### EXERCISE DIRECTIONS
Below is a listing; print exactly its lines from the one containing "Effects of fungus, treatments, and" down to the one containing "Secchiello porta bigattini", both inclusive, with every picture left out.

### EXERCISE DATA
*** Block opens ***

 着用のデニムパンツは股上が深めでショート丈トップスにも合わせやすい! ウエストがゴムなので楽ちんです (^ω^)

*** Block closes ***
*** Block opens ***

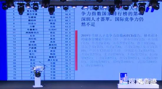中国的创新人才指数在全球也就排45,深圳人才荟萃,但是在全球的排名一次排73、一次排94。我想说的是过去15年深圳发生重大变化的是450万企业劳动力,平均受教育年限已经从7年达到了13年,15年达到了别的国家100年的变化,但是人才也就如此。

*** Block closes ***
*** Block opens ***

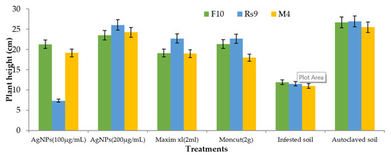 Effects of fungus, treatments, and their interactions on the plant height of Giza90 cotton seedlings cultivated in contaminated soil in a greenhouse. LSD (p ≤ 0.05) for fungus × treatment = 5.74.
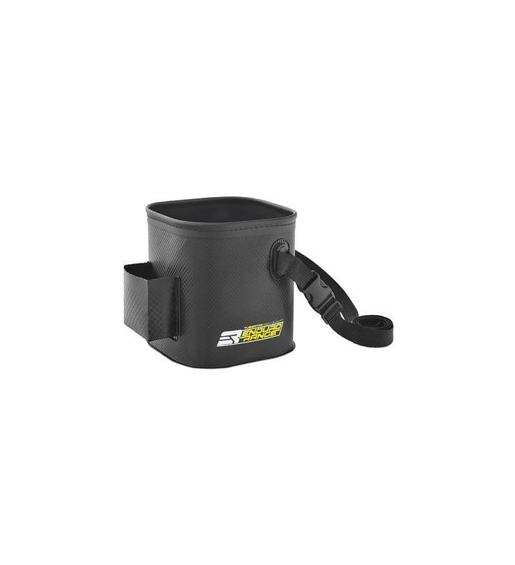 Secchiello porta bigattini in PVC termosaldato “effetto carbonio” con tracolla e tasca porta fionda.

*** Block closes ***

### YOUR SOLUTION
 Effects of fungus, treatments, and their interactions on the plant height of Giza90 cotton seedlings cultivated in contaminated soil in a greenhouse. LSD (p ≤ 0.05) for fungus × treatment = 5.74.
 Secchiello porta bigattini in PVC termosaldato “effetto carbonio” con tracolla e tasca porta fionda.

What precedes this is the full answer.